FIG. 1B displays the basic approach of the present invention for an n-type substrate. 113 d with a pMOS transistor 113. FIG. 1B represents the second preferred embodiment of the invention. The electrical connections and the reaction to an ESD pulse are analogous to the description in FIG. 1A for a p-type substrate and an nMOS transistor.
FIG. 1C illustrates the third embodiment of the invention. As in FIG. 1A, the MOS transistor 103 in the discharge circuit is an nMOS transistor, and the diode string includes diodes 106-1 to 1-6-n. The bias tap feeding substrate 103 d, however, is taken from an extra diode 136. The resistor 107 in FIG. 1A is thus redundant.
FIG. 2 is a schematic cross section of the first embodiment of the invention, showing a protection structure generally designated 200 suitable for CMOS technology. Embedded in a semiconductor substrate 201 of a first conductivity type (for example, p-type) is a plurality of separate wells 202 of the opposite conductivity type (for example, n-type). In some devices, the embedding substrate may itself be a well. The separations 203 between the wells are provided by shallow trench isolations.
 Within each well are anode diffusions 204 (for instance, p+) and cathode diffusions 205 (for instance, n+). The diffusions may be separated by shallow trench isolations 206. The diodes of the drive circuit are formed in each n-well and are interconnected by connectors 207; the diodes are forward biased. In the example of FIG. 2, the anode of the diode string is connected by metallization 208 to pad 209 and to the drain 220 of the nMOS transistor; the cathode of the diode string is connected by metallization 210 to substrate contacts 201 a (p+ for p-type substrate, as in FIG. 2). What appears as two contacts 201 a in FIG. 2, may actually be a ring, which is electrically floating but resistively coupled to ground.

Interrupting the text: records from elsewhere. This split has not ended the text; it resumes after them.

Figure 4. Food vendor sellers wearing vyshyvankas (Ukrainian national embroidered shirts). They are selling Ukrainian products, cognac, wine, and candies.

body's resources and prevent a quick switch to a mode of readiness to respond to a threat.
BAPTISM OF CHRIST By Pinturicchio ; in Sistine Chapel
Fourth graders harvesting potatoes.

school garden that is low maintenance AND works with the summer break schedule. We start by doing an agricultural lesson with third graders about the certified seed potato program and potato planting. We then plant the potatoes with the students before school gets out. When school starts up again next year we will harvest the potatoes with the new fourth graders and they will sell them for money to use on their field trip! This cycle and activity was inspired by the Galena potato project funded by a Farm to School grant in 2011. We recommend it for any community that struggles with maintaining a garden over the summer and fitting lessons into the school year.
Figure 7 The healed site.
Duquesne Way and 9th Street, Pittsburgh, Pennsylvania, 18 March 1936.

 The MOS transistor of the discharge circuit is formed by drain 220 (n+ diffusion in the example of FIG. 2) and source 221 (n+). Between source and drain is poly gate 222. Gate 222 is connected to source 221 and connected to ground 223 (Vss). As stated above, drain 220 is connected to pad 209. In an ESD event, it is the lateral current flow in the substrate of the MOS transistor, which creates the voltage drop necessary to turn-on the transistor and to safely discharge the ESD pulse to ground.

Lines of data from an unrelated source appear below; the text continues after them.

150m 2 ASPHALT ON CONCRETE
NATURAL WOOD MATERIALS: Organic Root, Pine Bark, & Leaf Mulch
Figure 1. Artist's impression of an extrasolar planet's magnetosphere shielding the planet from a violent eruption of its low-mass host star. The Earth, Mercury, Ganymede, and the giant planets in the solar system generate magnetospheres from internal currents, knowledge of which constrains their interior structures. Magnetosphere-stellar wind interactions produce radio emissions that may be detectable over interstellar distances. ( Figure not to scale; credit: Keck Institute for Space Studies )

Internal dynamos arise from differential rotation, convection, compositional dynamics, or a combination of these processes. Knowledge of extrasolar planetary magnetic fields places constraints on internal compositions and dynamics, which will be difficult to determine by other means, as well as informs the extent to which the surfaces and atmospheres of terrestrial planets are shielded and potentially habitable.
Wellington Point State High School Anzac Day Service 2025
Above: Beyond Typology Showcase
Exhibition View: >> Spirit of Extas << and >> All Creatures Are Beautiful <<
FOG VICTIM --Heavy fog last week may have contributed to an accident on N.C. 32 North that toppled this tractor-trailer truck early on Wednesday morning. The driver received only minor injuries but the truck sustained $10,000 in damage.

FIG. 3 is a simplified top view of a variation of the first embodiment of the invention. The MOS transistor is shown in the discharge circuit 300 b, and the diode string in the drive circuit 300 a; however, the diode string features a more heavily doped guard ring of the first conductivity type (for example, p+) surrounding each well of the opposite conductivity type (for example, n-type) in order to prevent latch-up. FIG. 3 emphasizes the elongated, finger-like layout of the structures and draws attention to a distance parameter D, which preferably should be large. The example in FIG. 3 employs again p-type substrate and an nMOS transistor.
 The drive circuit 300 a has a plurality of diodes 320-1 to 320-n located in separate n-wells 310. Each diode has finger-like p+ (311) and n+ (312) regions. They are interconnected in forward bias to form a string. The anode of this diode string is connected (313) to the pad 314, which needs ESD protection. The cathode of the diode string is connected (315) to p+ diffusions 316 as the contacts to the p-substrate. Contacts 316, as stripes near the MOS transistor, or as ring around the transistor, are electrically floating. Each n-well, with a diode inside, is surrounded by the p+ guard ring, generally designated 321. In order to keep the substrate resistance for the current flow at large values, and thus the voltage drop large, the distance D (322) between the guard ring and the substrate contact 316 should preferably be large.
 In the example of FIG. 3, the transistor in discharge circuit 300 b is shown as an nMOS transistor with the n+ diffusion 330 highlighted. One portion 331 of the n+ diffusion 330 is connected to Vss (ground), the other portion 332 to pad 314. The poly gates 333 of the nMOS transistor are shown elongated, highlighting the fact that the nMOS transistor is designed as a multi-finger transistor. Using this design principle, the layout can be highly effective while constraining the consumption of valuable silicon area. The poly gates 333 are connected to Vss (ground) 316 via connection 334. The transistor substrate (not marked in FIG. 3) has contacts 316.
 In FIG. 3, the diodes 320-1 to 320-n of the drive circuit 300 a are also designed in elongated, finger-like configuration. All anodes 311 and all cathodes 312 are finger-like, and so are the guard ring portions 323.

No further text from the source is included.